Network latency as data storage - strayer

Any transmission channel with a delay between the time a packet leaves the sender and reaches the receiver, is effectively storing the information contained in the packet during the time of travel.<p>So one could store information in that packet, in such a way that it does not need to be stored in the end nodes of the network.<p>Has anyone looked at this in theory (or in practice)?
======
brk
I've heard this idea discussed a number of times over the years. It usually
comes up after about 4 or 5 pints :)

There are a number of reasons why it's impractical though. A given packet
tends to only store about 1000bytes of actual data. It would take a lot of
packets to store any useful amount of data.

Secondly, packets have TTL (time to live) encoded, where the TTL is
decremented at each router hop.

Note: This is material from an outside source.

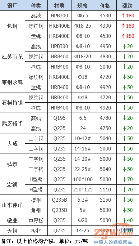 數據監測,今日共21家鋼廠調價,其中漲幅最高為包鋼建材,調價幅度180元/噸,跌幅最大為宏潤H型鋼,調價幅度70元/噸,具體調價明細如下:
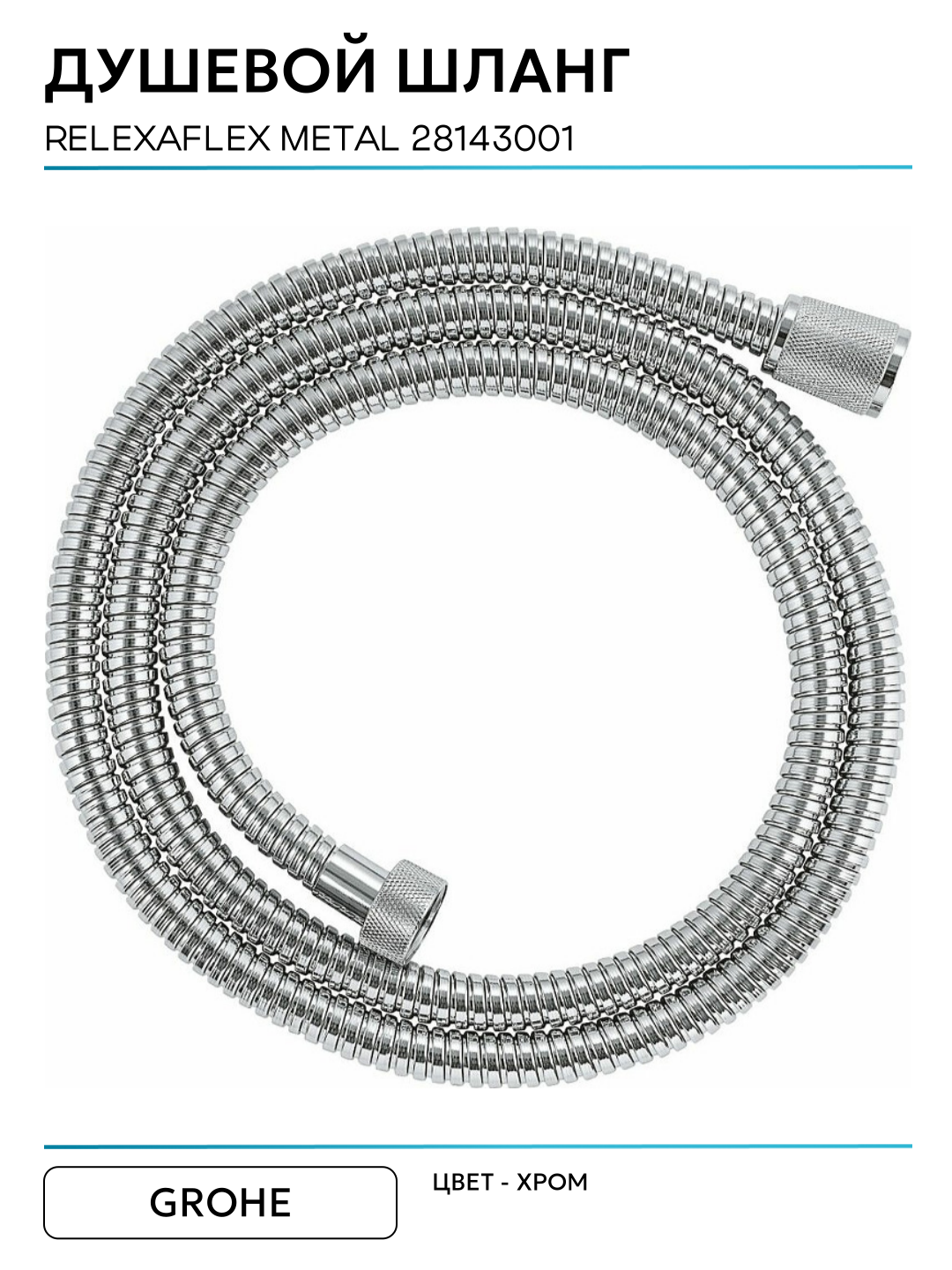 Душевой шланг Grohe Relexaflex Metal Long-Life 28143001 с антискручиванием: сравнение цен, характеристики, фото, актуальное наличие и цены.

This is mostly to prevent routing loops (where
two routers, or a group of routers, all don't know how to route a given packet
so they get stuck in a sort of networking infinite loop).

So, for this to really work, you'd have to only need to store very small
amounts of data (and I could think of certain applications where you might
want something like an encryption key to live "in the ether"), and you'd have
to modify your routers to either not decrement the TTL's for these packets, or
you'd have to make the PC set obscenely huge TTL's.

Then on top of that, data stored "in the wire" would also decrease overall
network performance by increasing congestion (if you're constantly routing
500MB of stored data around, those packets are taking up network resources).

------
iuguy
Michal Zalewski discusses "Parasitic Storage" in his book "Silence on the
wire"
([http://books.google.co.uk/books?id=kOQ9m38q_t8C&lpg=PP1&...](http://books.google.co.uk/books?id=kOQ9m38q_t8C&lpg=PP1&ots=jIu3Fa7pdZ&dq=michal%20zalewski%20silence%20on%20the%20wire&pg=PP1#v=onepage&q&f=false)).

It's actually a pretty good read for interesting stuff that you don't often
think about.

------
jgrahamc
Reminded me of: <http://en.wikipedia.org/wiki/Delay_line_memory>